Scaling up empirical research to bigger data with Python

This workshop is intended for researchers who have experience in analyzing data that comfortably fits in memory but are interested in scaling up to bigger than memory datasets. The following topics will be covered: measuring performance and memory usage; sampling and split-apply-combine strategy; data type optimization; efficient storage with parquet; simple parallelization; introduction to Dask. Participants interested in following along will be provided with an example dataset and instructions on setting up a programming environment. All workshop materials will be publicly available in this GitHub repository. A prerequisite exercise should give you an idea of expected prior knowledge of Python and pandas.

If you are new to Python, I recommend reading about Jupyter and pandas. This book shows how to use Jupyter notebooks for teaching and learning, and QuantEcon lectures use Python for economics and finance and are also a good resource for beginners.

This workshop has been conducted by Anton Babkin at:

Department of Agricultural and Resource Economics, University of Connecticut, January 27 and February 3, 2021
Department of Agricultural and Applied Economics, University of Wisconsin-Madison, February 3 and 9, 2021
2021 Data Science Research Bazaar, University of Wisconsin-Madison, February 10, 2021

Setup

You need a running Jupyter server in order to work with workshop notebooks. The easiest way is to launch a free cloud instance in Binder. A more difficult (but potentially more reliable) alternative is to create conda Python environment on your local computer.

Using Binder

Click this link to launch a new Binder instance and connect to it from your browser, then open and run the setup notebook to test the environment and download data. Normal launch time is under 30 seconds, but it might take longer if the repository has been recently updated, because Binder will need to rebuild the environment from scratch.
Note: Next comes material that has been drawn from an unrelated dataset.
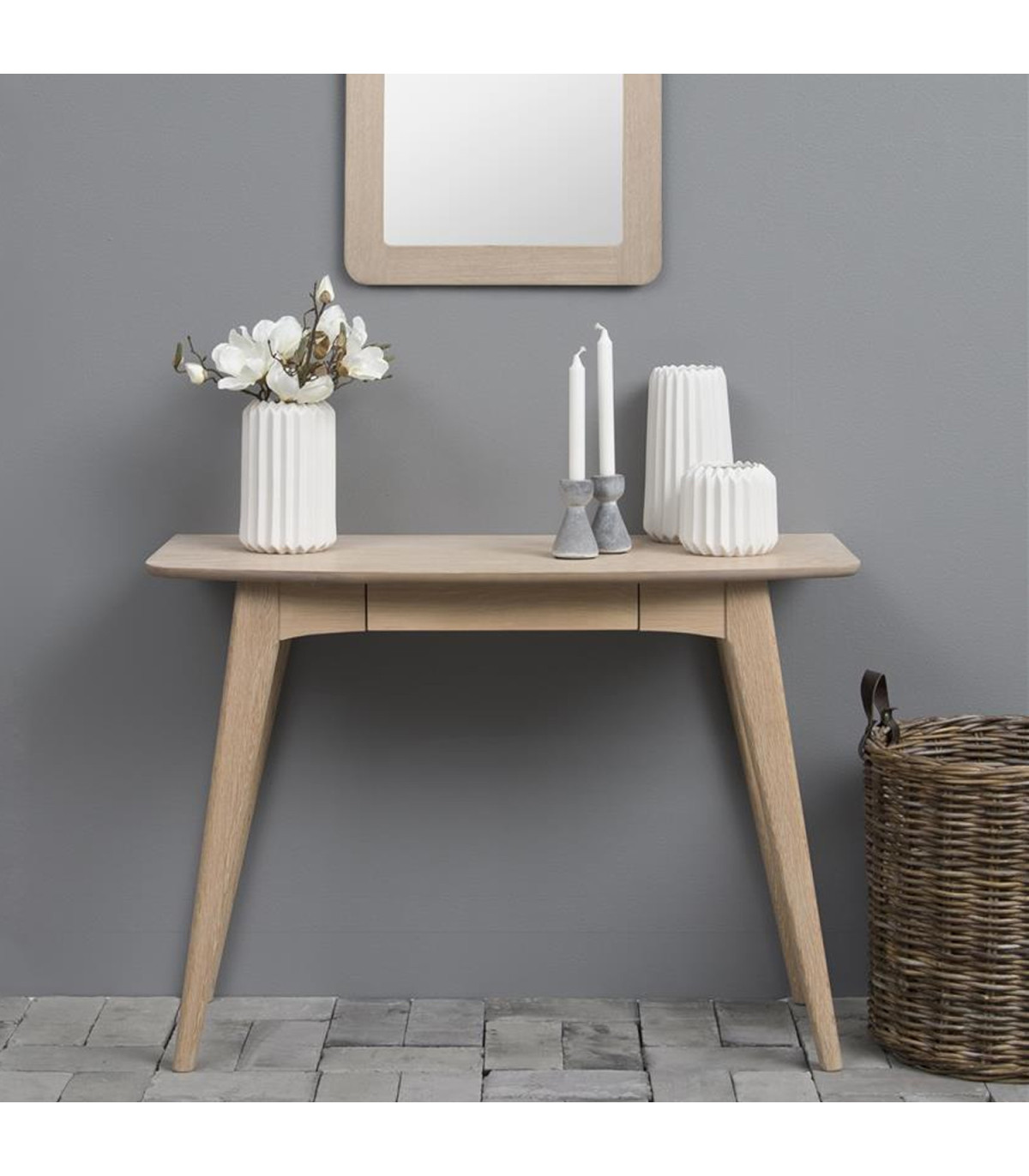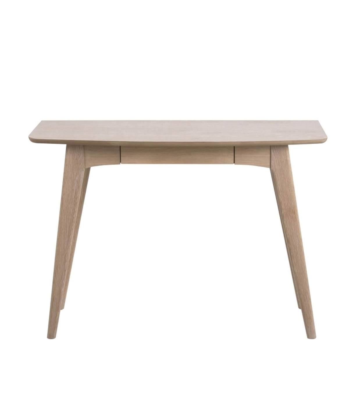 Письменный стол WOODSTOCK 105x45xH74см, дуб. Письменный стол - необходимое дополнение к любому дому, позволяющее удобнее использовать компьютер или создать практичное пространство домашнего офиса. Столы под дерево идеально подходят для домашнего интерьера, так как теплый материал и мягкие тона хорошо сочетаются с различной мебелью. У письменного стола один ящик. Столешница сделана из дуба. Финиш: масло с белыми пигментами. Размеры изделия 105x45xH74см.

Notice that Binder platform provides computational resources for free, and so limitations are in place and availability can not be guaranteed. Read here about usage policy and available resources.

Local Python

This method requires some experience or readiness to read documentation. As reward, you will have persistent environment under your control that does not depend on cloud service availability. This is also a typical way to set up Python for data work.

Download and install miniconda (Python 3), following instructions for your operating system.
Open terminal (Anaconda Prompt on Windows) and clone this repository in a folder of your choice (git clone https://github.com/antonbabkin/ds-bazaar-workshop.git). Alternatively, download and unpack repository code as ZIP.
In the terminal, navigate to the repository folder and create new conda environment. Environment specification will be read from the environment.yml file, all required packages will be downloaded and installed.

cd ds-bazaar-workshop
conda env create -f binder/environment.yml

Activate the environment and start JupyterLab server. This will start a new Jupyter server and open Jupyter interface in browser window.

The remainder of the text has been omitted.